- What to work on: The stretch from the line with "郑钦文在本届澳网一路过关斩将" through the line with "陈光远与世界潜水联合会运动委员会主席米歇尔・古纳德亲切交流。" in the records below: write it out exactly, and nothing else.

- Material supplied:
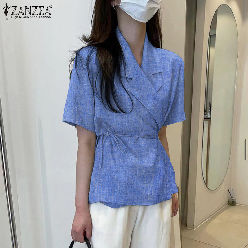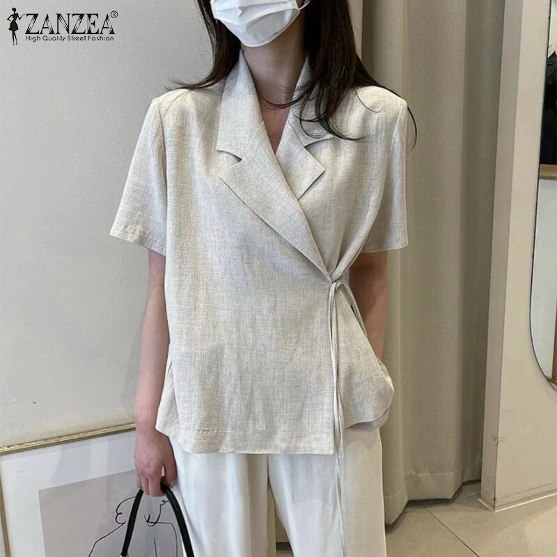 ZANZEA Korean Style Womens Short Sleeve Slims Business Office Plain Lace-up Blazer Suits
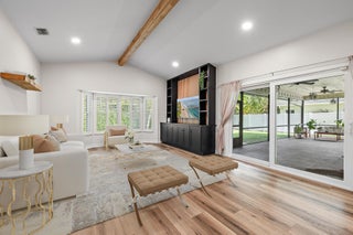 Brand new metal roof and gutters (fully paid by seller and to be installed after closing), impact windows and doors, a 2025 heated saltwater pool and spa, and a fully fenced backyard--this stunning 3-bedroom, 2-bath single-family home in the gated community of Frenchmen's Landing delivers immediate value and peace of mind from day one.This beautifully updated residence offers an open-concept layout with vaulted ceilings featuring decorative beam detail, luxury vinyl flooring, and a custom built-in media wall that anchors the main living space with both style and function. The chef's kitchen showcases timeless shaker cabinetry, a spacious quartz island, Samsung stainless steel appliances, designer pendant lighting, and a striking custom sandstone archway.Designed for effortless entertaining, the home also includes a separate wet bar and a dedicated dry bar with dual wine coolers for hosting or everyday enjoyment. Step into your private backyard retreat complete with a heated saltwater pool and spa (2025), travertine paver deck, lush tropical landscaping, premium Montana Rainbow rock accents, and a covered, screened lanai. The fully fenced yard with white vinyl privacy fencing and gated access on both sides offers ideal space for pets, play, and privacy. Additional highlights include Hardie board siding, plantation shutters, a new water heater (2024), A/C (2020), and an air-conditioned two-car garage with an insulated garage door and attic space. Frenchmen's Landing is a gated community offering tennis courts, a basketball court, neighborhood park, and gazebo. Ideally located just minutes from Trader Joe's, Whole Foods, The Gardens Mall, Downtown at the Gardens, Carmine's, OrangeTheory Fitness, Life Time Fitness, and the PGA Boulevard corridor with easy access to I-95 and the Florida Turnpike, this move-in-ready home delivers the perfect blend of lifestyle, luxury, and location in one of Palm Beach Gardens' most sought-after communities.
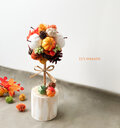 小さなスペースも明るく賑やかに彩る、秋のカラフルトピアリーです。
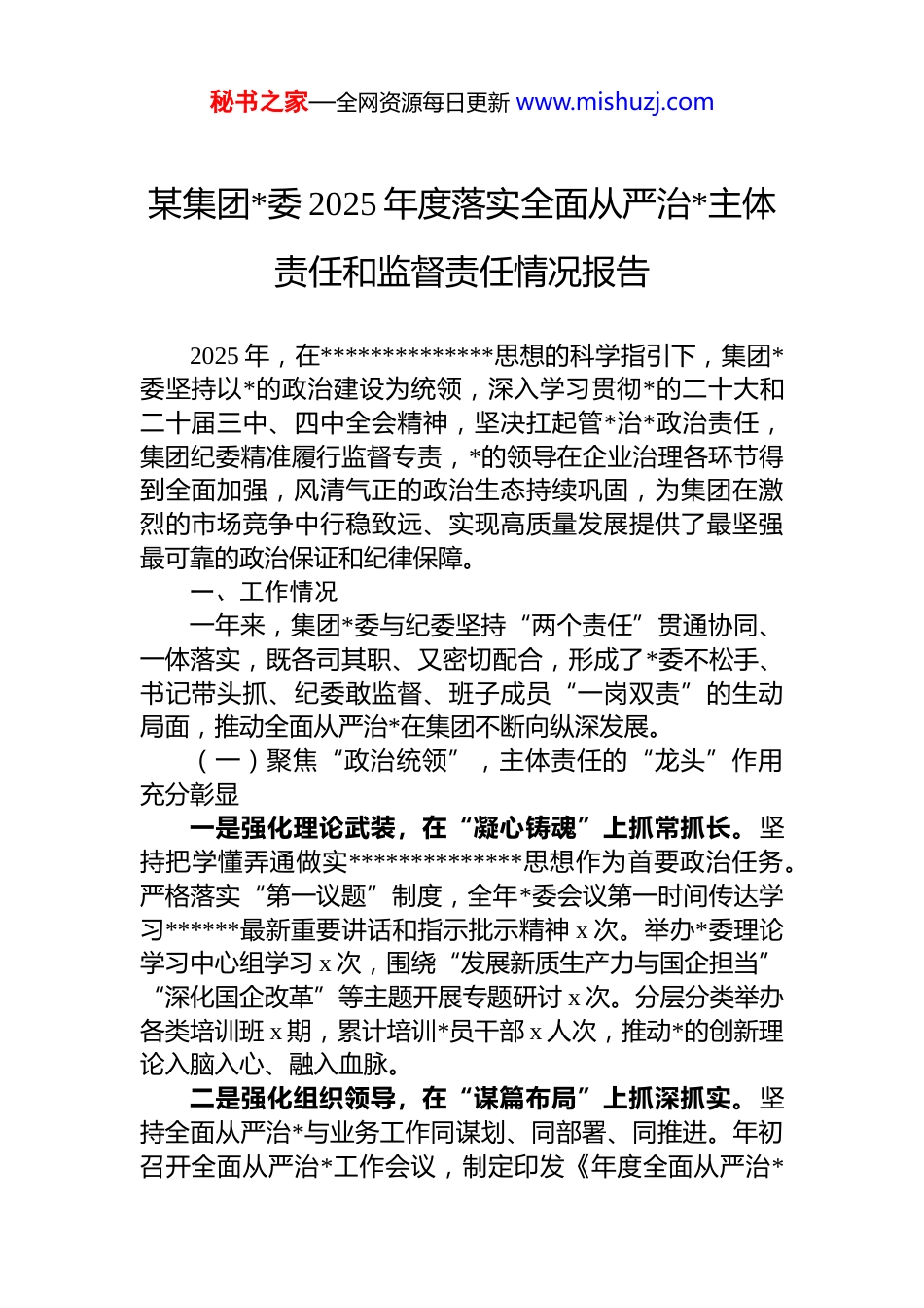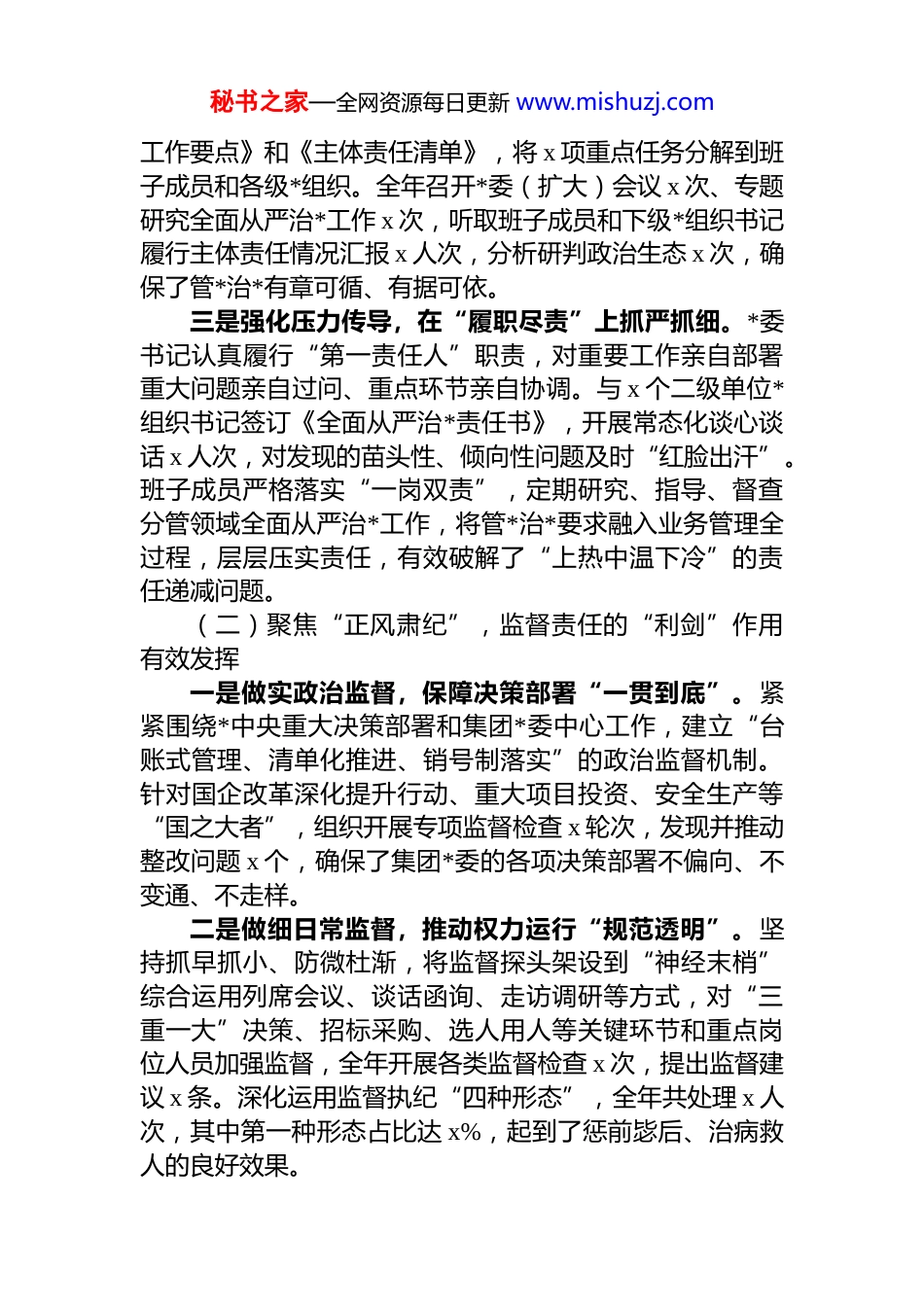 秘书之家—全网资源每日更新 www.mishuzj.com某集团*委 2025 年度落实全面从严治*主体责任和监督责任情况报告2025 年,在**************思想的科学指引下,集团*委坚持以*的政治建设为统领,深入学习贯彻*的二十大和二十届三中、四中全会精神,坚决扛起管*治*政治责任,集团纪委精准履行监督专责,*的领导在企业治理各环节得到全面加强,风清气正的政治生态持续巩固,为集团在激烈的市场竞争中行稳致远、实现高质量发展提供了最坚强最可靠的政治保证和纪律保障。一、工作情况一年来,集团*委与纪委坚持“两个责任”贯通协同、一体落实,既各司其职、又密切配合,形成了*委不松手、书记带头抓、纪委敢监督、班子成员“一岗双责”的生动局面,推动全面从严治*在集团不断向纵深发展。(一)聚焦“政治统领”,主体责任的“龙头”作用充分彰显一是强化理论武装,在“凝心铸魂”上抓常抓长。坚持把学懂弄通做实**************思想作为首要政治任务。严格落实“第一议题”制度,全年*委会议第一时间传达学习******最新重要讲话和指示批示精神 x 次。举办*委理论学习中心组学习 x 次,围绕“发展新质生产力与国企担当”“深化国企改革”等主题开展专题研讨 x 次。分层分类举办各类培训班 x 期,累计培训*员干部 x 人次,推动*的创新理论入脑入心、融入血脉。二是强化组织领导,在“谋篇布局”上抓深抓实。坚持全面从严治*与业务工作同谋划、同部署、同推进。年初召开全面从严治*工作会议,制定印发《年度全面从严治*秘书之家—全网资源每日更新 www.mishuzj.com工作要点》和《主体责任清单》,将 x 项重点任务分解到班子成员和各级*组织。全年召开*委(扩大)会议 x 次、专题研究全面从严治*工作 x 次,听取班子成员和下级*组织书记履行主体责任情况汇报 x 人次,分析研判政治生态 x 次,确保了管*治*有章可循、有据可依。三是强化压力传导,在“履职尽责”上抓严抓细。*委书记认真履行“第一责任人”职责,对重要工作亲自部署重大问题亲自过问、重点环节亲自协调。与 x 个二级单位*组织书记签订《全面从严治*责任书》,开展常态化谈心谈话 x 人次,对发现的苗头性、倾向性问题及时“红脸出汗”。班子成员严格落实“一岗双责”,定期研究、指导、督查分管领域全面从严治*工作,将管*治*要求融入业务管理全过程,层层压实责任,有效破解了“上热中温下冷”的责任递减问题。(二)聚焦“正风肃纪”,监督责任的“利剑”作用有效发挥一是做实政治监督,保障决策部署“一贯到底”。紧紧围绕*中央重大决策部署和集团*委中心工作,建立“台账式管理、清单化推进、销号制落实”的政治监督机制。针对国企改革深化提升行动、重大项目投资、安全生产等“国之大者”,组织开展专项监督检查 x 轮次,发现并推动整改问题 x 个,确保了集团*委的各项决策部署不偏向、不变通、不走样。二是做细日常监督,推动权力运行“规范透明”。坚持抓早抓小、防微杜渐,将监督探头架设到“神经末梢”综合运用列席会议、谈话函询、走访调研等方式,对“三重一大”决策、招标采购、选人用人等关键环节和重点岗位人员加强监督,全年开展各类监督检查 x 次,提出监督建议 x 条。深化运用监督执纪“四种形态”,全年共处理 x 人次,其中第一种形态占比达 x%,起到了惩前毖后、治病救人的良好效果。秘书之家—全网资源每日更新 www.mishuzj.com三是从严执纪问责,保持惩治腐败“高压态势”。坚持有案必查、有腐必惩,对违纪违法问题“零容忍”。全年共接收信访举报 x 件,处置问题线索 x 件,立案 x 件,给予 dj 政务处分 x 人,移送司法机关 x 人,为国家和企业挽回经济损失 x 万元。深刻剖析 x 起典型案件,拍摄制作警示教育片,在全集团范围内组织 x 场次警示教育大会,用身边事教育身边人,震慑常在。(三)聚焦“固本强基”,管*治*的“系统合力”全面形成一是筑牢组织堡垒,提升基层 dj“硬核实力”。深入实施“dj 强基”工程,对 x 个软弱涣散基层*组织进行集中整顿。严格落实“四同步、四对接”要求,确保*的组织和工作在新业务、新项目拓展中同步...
...
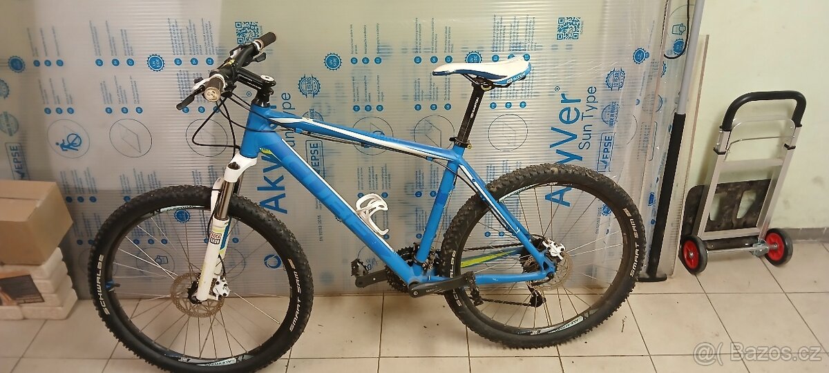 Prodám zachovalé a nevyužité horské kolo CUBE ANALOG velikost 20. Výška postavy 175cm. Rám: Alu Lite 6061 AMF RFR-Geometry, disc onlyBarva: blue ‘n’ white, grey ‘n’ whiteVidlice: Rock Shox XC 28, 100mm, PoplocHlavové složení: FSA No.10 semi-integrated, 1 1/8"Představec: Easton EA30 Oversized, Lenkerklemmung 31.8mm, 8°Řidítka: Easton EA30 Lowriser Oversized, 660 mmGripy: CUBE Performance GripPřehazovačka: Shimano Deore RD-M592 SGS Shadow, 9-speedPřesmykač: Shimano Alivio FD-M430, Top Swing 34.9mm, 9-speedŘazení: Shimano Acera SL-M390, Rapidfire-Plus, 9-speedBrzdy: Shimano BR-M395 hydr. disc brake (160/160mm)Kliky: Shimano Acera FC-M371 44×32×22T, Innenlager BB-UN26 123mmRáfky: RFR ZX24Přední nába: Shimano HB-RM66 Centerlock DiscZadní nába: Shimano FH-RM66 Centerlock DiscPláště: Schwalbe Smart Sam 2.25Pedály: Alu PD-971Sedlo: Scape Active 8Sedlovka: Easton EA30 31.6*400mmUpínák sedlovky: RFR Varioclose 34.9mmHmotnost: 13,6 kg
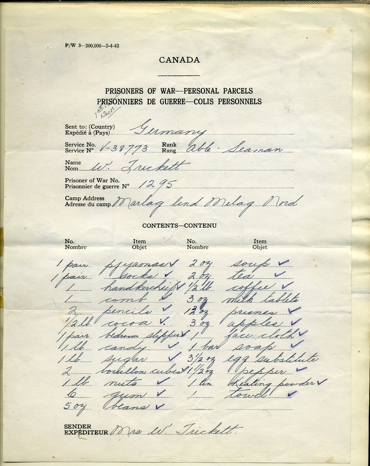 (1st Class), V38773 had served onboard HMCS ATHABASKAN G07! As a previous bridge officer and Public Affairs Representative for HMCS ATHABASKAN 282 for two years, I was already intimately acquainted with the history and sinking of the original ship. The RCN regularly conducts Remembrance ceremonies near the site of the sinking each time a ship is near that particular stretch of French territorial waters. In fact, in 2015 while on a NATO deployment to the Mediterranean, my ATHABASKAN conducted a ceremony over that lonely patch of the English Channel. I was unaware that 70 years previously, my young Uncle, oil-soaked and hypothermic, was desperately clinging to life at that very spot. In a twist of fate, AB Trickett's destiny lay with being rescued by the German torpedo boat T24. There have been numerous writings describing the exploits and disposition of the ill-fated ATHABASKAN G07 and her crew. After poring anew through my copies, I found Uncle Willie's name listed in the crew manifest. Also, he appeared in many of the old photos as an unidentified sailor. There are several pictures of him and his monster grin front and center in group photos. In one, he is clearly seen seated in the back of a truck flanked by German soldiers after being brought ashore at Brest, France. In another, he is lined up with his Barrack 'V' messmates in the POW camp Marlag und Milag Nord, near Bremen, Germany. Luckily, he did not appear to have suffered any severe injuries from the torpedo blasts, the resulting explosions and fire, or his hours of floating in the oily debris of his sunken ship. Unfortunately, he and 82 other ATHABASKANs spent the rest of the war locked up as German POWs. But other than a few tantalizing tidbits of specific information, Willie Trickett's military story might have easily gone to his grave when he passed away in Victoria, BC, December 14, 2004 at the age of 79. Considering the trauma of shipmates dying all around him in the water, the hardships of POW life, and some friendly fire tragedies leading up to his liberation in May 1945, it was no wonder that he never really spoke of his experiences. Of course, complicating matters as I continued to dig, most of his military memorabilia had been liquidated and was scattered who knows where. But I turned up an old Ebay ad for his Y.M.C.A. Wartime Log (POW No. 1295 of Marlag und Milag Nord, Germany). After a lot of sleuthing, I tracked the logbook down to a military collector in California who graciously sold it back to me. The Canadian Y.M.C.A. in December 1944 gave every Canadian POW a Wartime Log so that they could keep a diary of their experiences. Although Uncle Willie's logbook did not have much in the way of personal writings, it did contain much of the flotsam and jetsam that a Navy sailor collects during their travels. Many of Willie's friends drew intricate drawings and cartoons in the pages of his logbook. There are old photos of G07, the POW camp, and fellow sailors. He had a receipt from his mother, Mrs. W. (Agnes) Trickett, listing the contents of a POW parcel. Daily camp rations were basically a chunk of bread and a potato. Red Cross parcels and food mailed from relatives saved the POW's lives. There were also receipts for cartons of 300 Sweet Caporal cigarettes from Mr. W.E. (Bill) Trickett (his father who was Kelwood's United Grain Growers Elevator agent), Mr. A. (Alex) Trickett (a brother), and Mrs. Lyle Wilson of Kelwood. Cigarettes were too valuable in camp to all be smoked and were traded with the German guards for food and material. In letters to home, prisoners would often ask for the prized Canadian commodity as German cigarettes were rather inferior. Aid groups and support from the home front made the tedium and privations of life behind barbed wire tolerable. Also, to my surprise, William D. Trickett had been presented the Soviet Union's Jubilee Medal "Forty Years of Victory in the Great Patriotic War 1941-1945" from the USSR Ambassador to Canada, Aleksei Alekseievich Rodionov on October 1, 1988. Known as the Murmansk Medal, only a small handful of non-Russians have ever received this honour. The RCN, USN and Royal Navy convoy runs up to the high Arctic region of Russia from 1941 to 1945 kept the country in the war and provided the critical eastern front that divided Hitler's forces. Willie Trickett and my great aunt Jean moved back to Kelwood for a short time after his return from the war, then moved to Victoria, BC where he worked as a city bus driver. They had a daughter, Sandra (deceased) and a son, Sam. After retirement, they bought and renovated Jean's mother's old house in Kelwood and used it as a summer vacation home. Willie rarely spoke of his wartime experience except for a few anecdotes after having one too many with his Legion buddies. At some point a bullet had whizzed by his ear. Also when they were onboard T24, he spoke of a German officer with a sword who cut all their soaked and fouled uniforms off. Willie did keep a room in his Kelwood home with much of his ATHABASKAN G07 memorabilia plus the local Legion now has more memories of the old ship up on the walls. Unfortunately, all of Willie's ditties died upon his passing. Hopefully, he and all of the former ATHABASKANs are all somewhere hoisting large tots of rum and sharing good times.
--
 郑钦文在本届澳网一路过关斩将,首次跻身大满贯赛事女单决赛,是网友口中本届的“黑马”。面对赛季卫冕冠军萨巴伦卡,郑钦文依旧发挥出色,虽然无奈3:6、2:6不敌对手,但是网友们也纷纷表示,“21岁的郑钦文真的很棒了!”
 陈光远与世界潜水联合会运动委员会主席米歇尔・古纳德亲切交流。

- Reply:
 郑钦文在本届澳网一路过关斩将,首次跻身大满贯赛事女单决赛,是网友口中本届的“黑马”。面对赛季卫冕冠军萨巴伦卡,郑钦文依旧发挥出色,虽然无奈3:6、2:6不敌对手,但是网友们也纷纷表示,“21岁的郑钦文真的很棒了!”
 陈光远与世界潜水联合会运动委员会主席米歇尔・古纳德亲切交流。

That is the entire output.